Pleurodontagama Temporal range: Late Cretaceous

Scientific classification
- Domain: Eukaryota
- Kingdom: Animalia
- Phylum: Chordata
- Class: Reptilia
- Order: Squamata
- Suborder: Iguania
- Genus: †Pleurodontagama Borsuk-Białynicka and Moody, 1984
- Type species: †Pleurodontagama aenigmatodes Borsuk-Białynicka and Moody, 1984

= Pleurodontagama =

Extinct genus of lizards

Pleurodontagama is an extinct genus of iguanian lizard from the Late Cretaceous of Mongolia. The type species, Pleurodontagama aenigmatodes, was named in 1984 on the basis of a mostly complete skull and isolated lower jaw from a fossil locality called Khermeen Tsav.

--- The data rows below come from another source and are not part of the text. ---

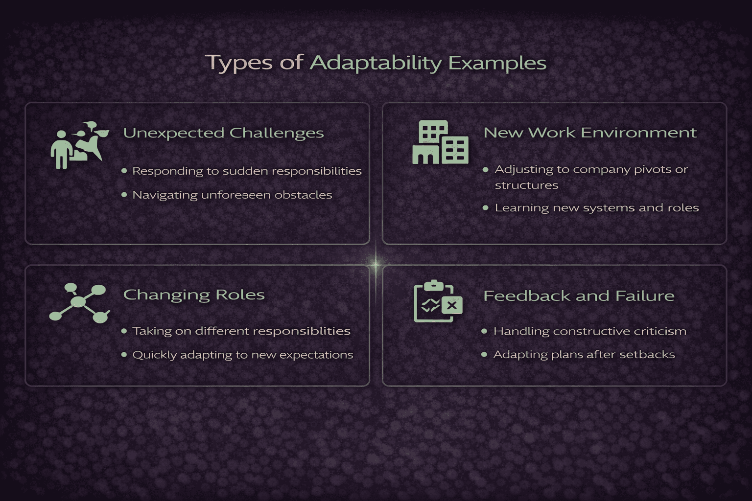 Adaptability examples can be grouped into several distinct types, each highlighting a different dimension of how individuals respond to change. One category centers on learning agility. These examples describe situations in which candidates were required to acquire new knowledge or skills rapidly, such as mastering an unfamiliar software platform, adopting a new methodology, or transitioning into a role with expanded responsibilities. The defining characteristic of these stories is not speed alone, but the strategies used to learn—seeking mentorship, experimenting with approaches, or reframing mistakes as learning opportunities.
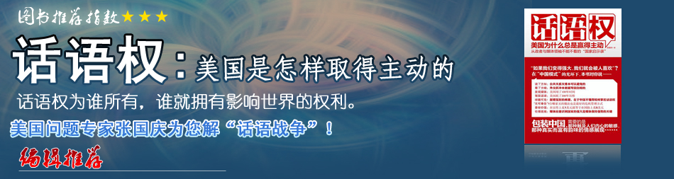 | 收到一本新書,書名很醒目——《話語權(quán)》,作者張國慶是中國社科院美國研究所的國際問題專家!对捳Z權(quán)》這本書主要內(nèi)容說的是美國社會如何利用“話語權(quán)”來影響中國、誤導中國、鉗制中國、戰(zhàn)勝中國。很寬的書腰上赫然寫著這樣的文字:“在宣傳上花1美元就等于在國防上花5美元”。因此,“話語權(quán)”等于是一場長期而復雜的“宣傳戰(zhàn)”。張國慶先生的這本書我還沒來得及看完,但是,他很清晰地提出了“話語權(quán)”這個非常重要的問題,他讓我們意識到,中國與美國之間的這場“話語權(quán)”較量,至少在目前看來,中國一直處于下風,近幾十年來,中國在這個問題上,始終不是美國的對手。有這樣一個意識,我覺得是一個巨大的進步…[詳細] |
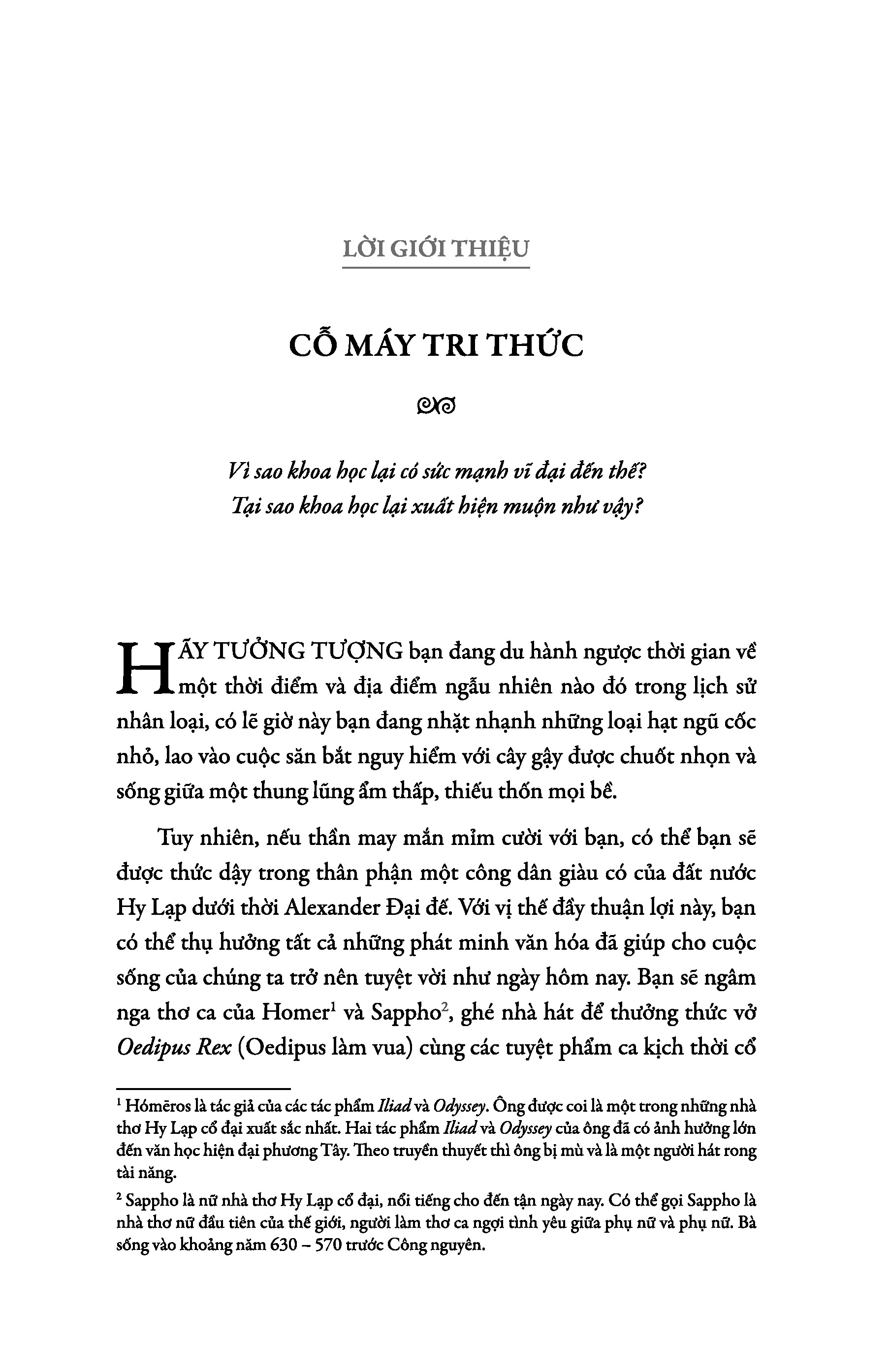 Đây là cuốn sách thay đổi hoàn toàn cách nhìn nhận của chúng ta về nguồn gốc và cấu trúc của khoa học: Vì sao khoa học lại quyền năng đến thế? Vì sao lại mất thời gian nhiều đến như vậy – hai nghìn năm sau khi triết học và toán học ra đời – thì nhân loại mới bắt đầu sử dụng khoa học để học hỏi và nghiên cứu những bí mật vũ trụ?

It has a wide skull with a flat snout, large eye sockets, and small bumps on the surfaces of the bones. Pleurodontagama was initially classified in the family Priscagamidae, which is usually grouped in a large clade of iguanians called Acrodonta, members of which are characterized by an "acrodont" dentition in which the teeth grow from the margins of the jaws. However, Pleurodontagama is unusual in that it has a sub-pleurodont dentition, meaning that some of its teeth grow from the inner surfaces of the jaw. There is also evidence to suggest that its teeth may have been continuously replaced throughout life, as opposed to the permanent teeth of acrodontans. Pleurodontagama may have been a transitional form between the derived acrodont type and the pleurodont type inferred for the ancestors of Acrodonta.